**What the task asks**
What you submit must be an exact copy of the listing below, with no images in it.

**Provided material**
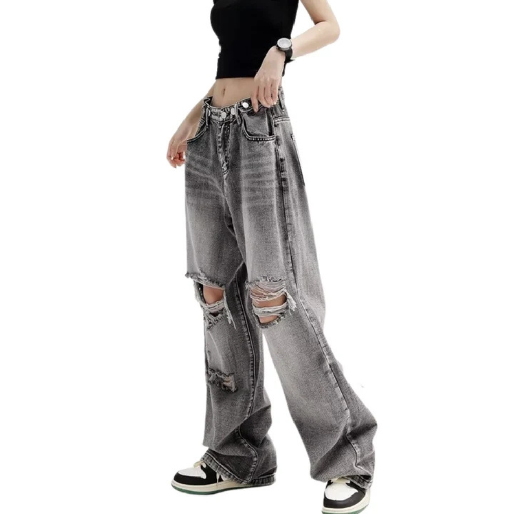 Introducing our latest addition to the"American Street Ripped Straight" Jeans.These jeans are designed to elevate your street style with their edgy and trendy look. Made from high-quality denim, these jeans are durable and comfortable to wear all day long.
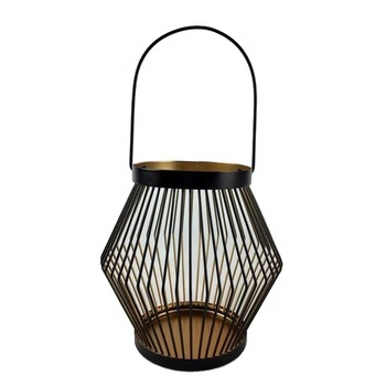 Großhandel Black Metal Iron Wire Kerzenhalter Ovale Kerzenhalter mit Glas
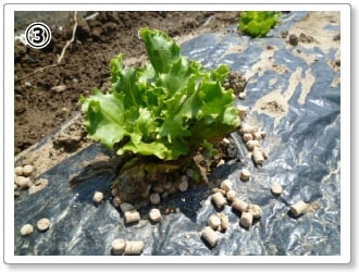 さらに土の上や野菜の上に「かにの力」をまくと効果を高めることが出来ます。
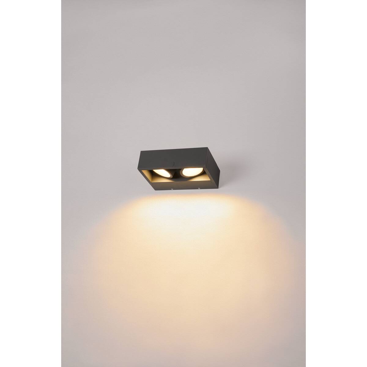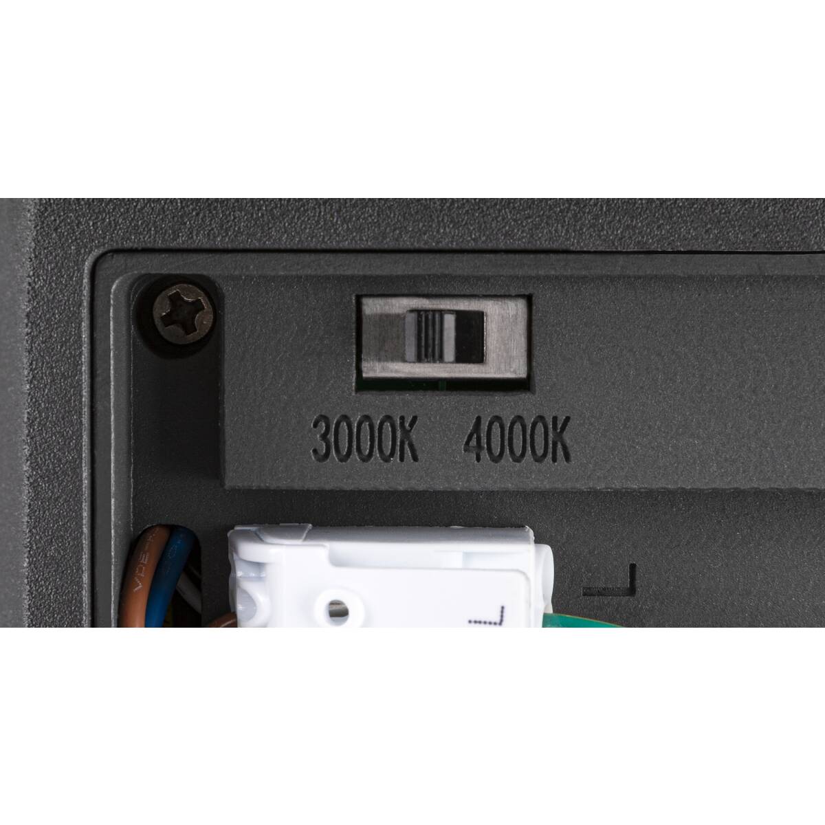 Barwę światła tej mocnej, dwupunktowej oprawy ściennej o strumieniu świetlnym 2200/2400 lumenów można regulować za pomocą przełącznika CCT (3000/4000K)

**Written solution**
 Introducing our latest addition to the"American Street Ripped Straight" Jeans.These jeans are designed to elevate your street style with their edgy and trendy look. Made from high-quality denim, these jeans are durable and comfortable to wear all day long.
 Großhandel Black Metal Iron Wire Kerzenhalter Ovale Kerzenhalter mit Glas
 さらに土の上や野菜の上に「かにの力」をまくと効果を高めることが出来ます。
 Barwę światła tej mocnej, dwupunktowej oprawy ściennej o strumieniu świetlnym 2200/2400 lumenów można regulować za pomocą przełącznika CCT (3000/4000K)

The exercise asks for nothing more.